:: AVAILABLE DATA ::
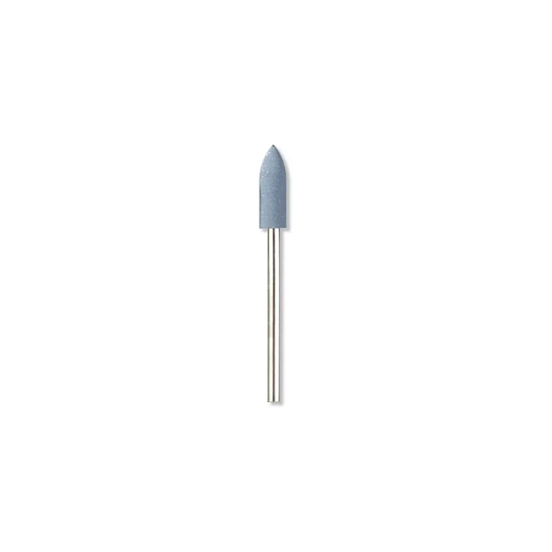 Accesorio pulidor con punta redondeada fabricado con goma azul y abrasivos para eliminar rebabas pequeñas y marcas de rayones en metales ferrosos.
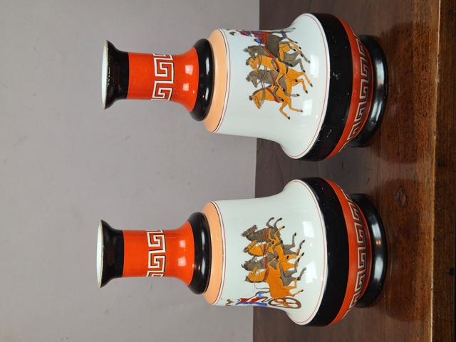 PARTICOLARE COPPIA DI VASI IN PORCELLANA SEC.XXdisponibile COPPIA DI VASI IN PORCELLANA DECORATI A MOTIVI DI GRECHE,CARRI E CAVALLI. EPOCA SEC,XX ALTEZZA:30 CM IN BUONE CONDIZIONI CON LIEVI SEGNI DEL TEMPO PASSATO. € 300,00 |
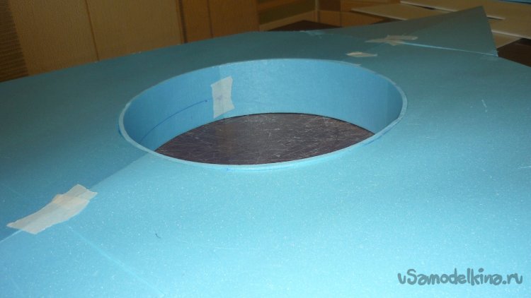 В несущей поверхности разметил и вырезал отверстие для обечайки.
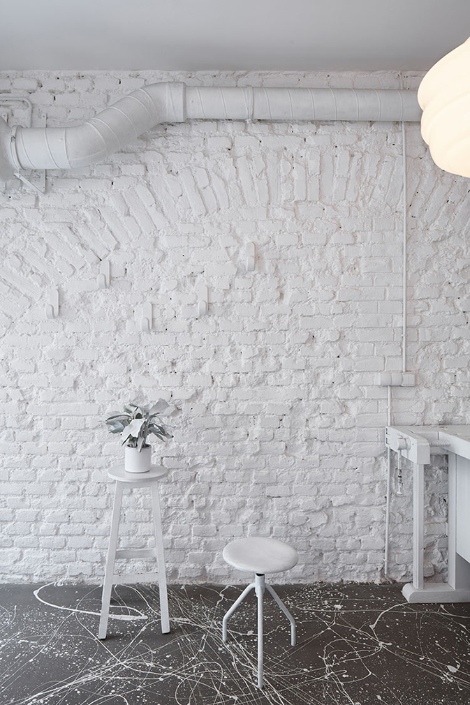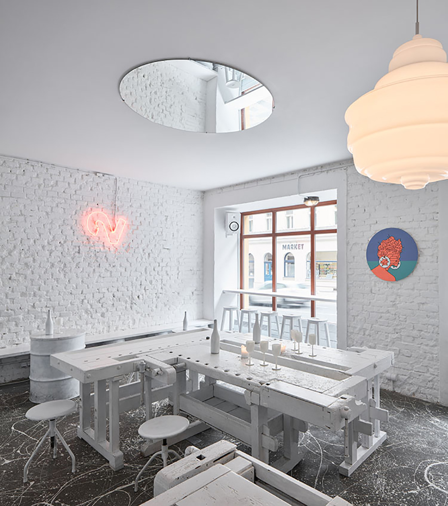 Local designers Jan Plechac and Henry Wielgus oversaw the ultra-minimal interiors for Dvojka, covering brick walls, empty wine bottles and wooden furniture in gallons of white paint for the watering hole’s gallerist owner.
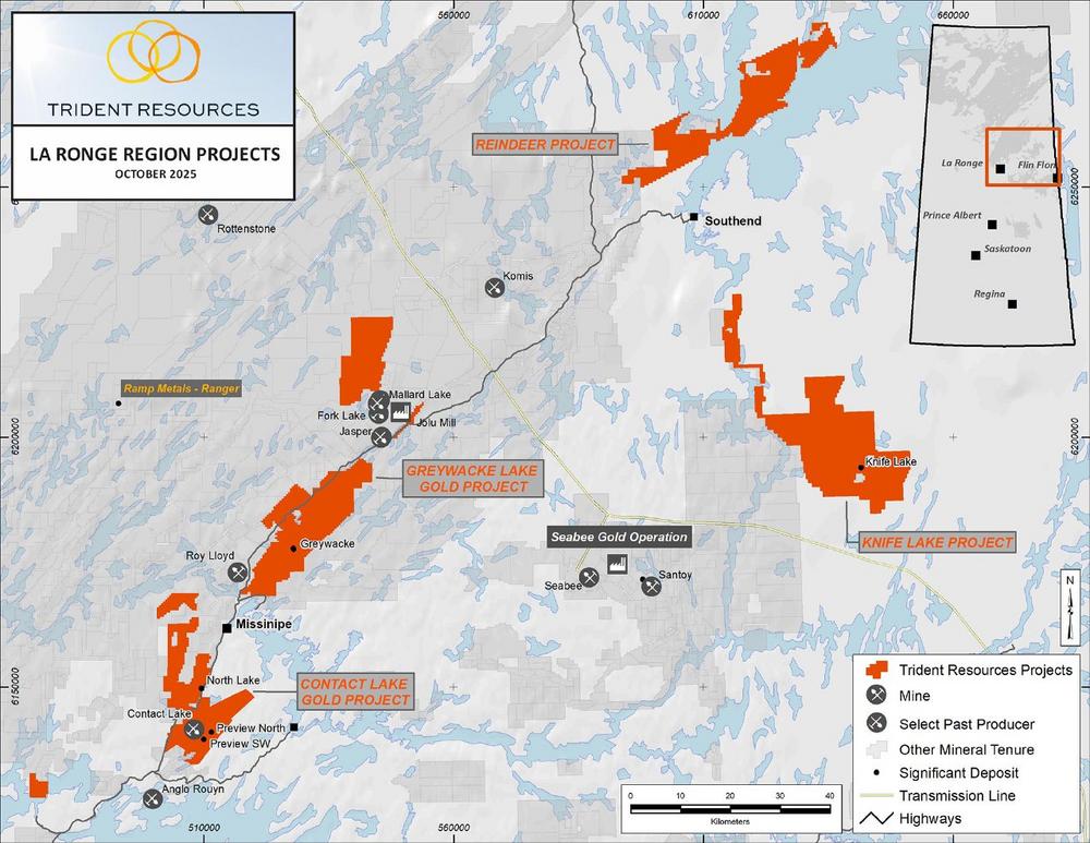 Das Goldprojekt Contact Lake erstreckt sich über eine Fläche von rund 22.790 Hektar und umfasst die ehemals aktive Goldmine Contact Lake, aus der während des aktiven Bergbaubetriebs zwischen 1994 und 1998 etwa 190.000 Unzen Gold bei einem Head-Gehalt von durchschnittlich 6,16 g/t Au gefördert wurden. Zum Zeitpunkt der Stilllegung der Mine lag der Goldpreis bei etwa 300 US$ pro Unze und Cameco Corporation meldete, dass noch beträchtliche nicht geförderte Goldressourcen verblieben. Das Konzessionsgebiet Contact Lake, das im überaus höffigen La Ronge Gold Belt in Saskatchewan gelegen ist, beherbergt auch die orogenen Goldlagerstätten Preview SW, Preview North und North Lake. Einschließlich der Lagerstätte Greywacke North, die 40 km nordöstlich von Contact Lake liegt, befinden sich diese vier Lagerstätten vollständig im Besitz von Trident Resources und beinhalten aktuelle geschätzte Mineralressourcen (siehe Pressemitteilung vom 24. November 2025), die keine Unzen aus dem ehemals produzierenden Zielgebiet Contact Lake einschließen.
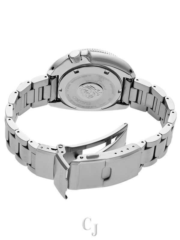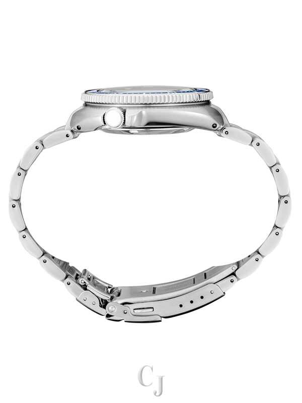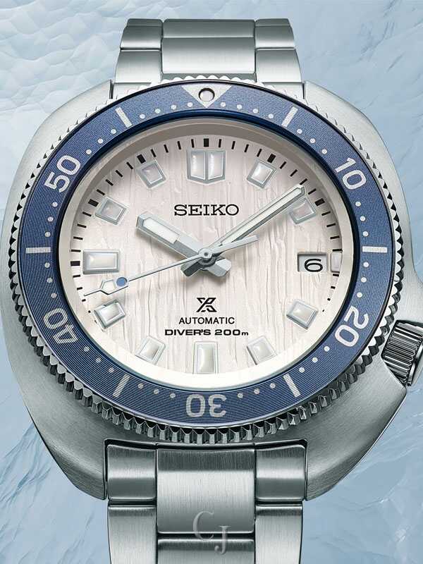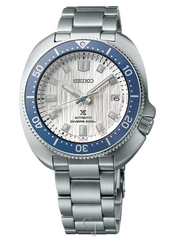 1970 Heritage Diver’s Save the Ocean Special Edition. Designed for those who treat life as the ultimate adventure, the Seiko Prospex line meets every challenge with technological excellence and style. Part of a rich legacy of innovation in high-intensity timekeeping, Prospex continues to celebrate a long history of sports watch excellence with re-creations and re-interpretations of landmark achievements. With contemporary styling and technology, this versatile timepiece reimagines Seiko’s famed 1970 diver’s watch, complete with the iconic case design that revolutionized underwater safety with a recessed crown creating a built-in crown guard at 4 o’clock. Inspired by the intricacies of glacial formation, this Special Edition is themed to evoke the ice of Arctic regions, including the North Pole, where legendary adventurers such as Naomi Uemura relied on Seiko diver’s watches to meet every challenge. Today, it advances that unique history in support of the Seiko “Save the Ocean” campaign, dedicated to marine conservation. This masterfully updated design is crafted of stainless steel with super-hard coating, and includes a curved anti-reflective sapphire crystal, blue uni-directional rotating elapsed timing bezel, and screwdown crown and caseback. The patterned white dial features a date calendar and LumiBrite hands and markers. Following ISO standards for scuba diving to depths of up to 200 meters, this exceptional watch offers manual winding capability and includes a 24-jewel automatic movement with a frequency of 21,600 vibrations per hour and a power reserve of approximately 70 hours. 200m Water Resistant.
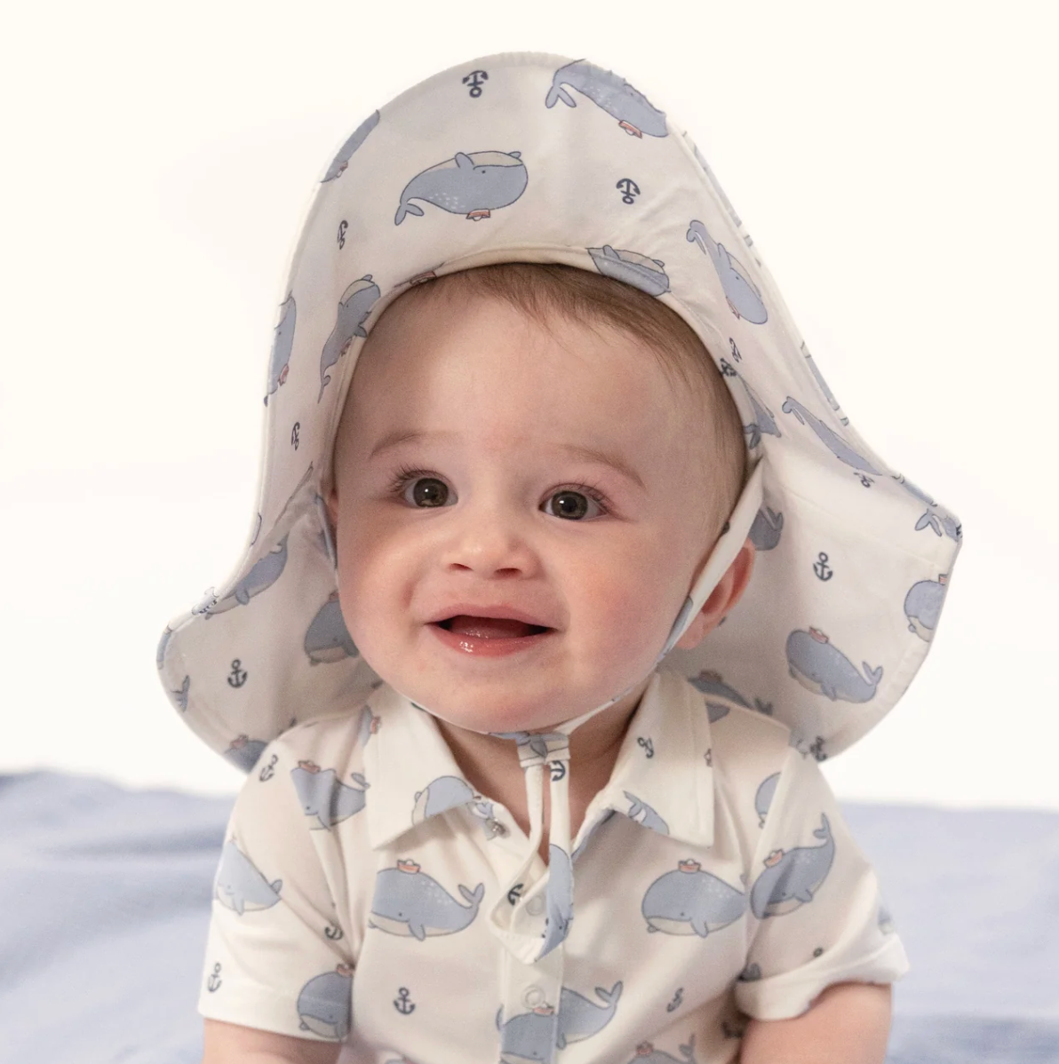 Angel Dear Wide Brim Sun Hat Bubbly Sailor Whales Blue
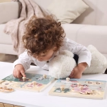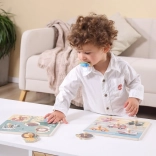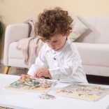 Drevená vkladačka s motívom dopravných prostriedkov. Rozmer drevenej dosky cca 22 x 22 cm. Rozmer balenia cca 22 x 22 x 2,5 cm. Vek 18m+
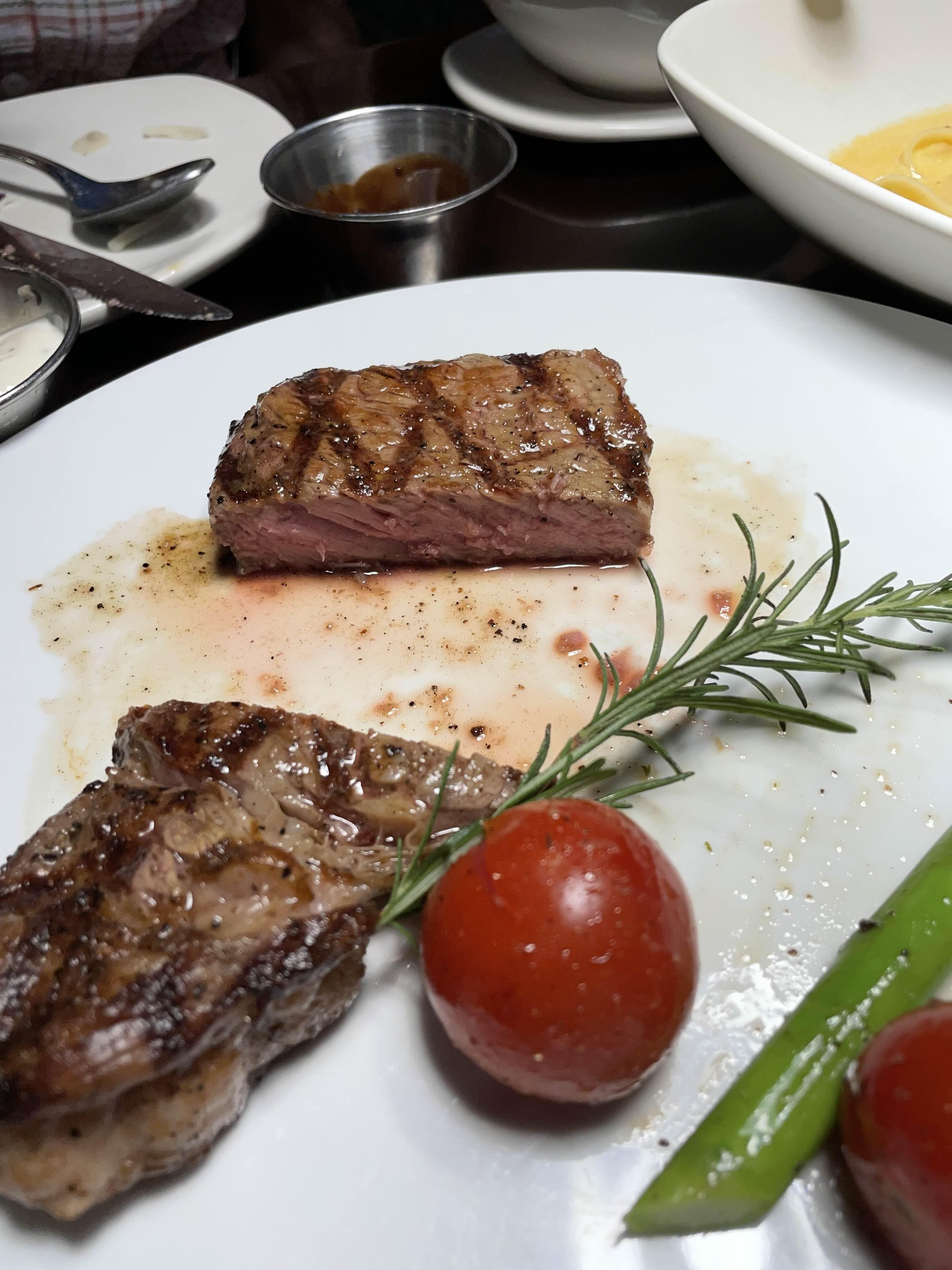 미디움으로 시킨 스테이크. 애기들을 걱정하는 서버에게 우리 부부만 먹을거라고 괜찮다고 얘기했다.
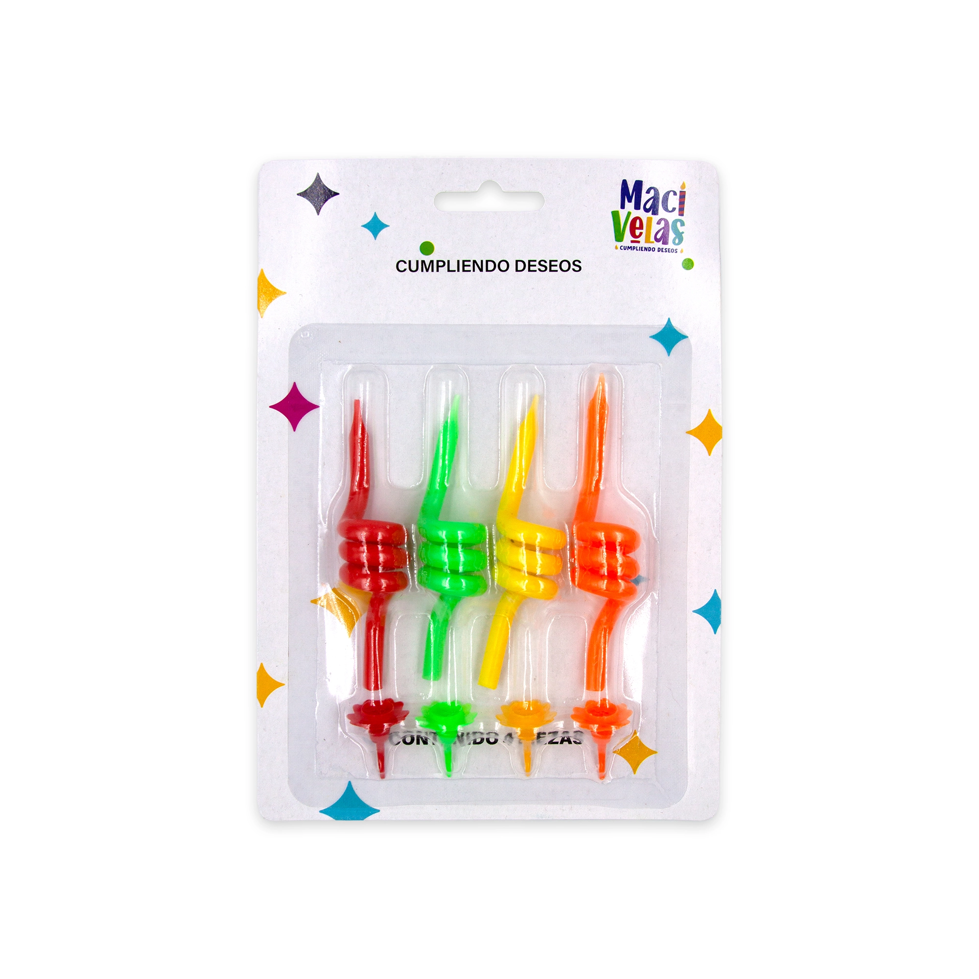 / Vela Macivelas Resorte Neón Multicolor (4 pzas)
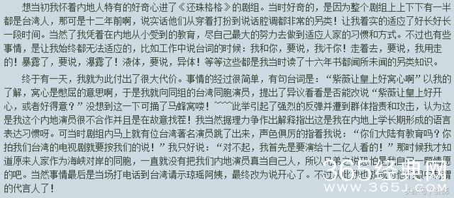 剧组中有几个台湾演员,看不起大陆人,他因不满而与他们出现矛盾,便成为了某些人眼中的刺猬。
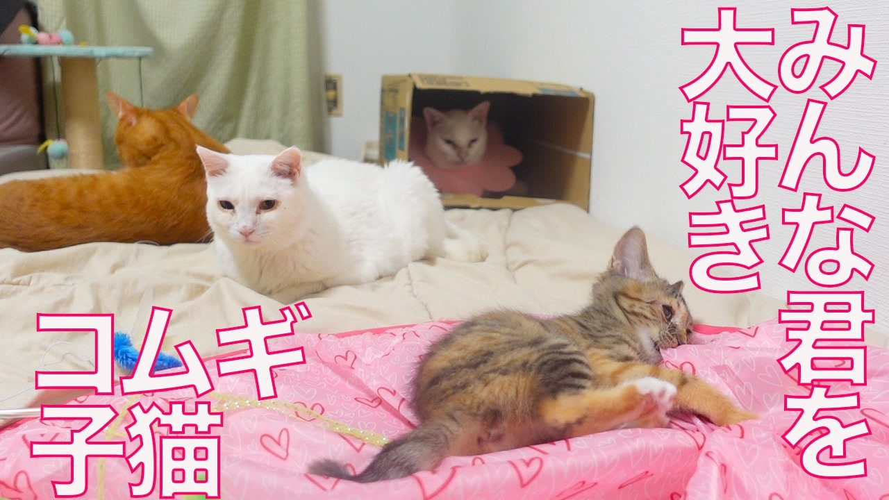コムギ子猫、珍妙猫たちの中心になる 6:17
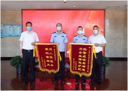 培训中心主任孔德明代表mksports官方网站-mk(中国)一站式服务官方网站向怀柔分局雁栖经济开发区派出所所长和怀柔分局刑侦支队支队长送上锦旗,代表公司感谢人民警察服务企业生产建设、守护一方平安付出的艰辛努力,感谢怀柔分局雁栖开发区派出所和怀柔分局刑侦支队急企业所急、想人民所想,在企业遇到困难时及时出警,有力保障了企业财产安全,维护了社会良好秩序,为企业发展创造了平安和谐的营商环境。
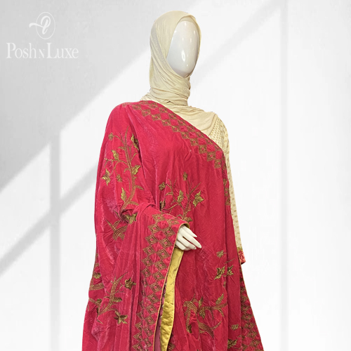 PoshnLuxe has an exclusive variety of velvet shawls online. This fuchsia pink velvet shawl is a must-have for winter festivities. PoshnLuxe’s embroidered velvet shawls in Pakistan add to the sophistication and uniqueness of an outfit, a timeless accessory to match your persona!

:: WORK INSTRUCTION ::
Copy nothing but the lines above that run from the one with "PARTICOLARE COPPIA DI" to the one with "Local designers Jan", ends included; pictures stay out.

:: TASK RESPONSE ::
 PARTICOLARE COPPIA DI VASI IN PORCELLANA SEC.XXdisponibile COPPIA DI VASI IN PORCELLANA DECORATI A MOTIVI DI GRECHE,CARRI E CAVALLI. EPOCA SEC,XX ALTEZZA:30 CM IN BUONE CONDIZIONI CON LIEVI SEGNI DEL TEMPO PASSATO. € 300,00 |
 В несущей поверхности разметил и вырезал отверстие для обечайки.
 Local designers Jan Plechac and Henry Wielgus oversaw the ultra-minimal interiors for Dvojka, covering brick walls, empty wine bottles and wooden furniture in gallons of white paint for the watering hole’s gallerist owner.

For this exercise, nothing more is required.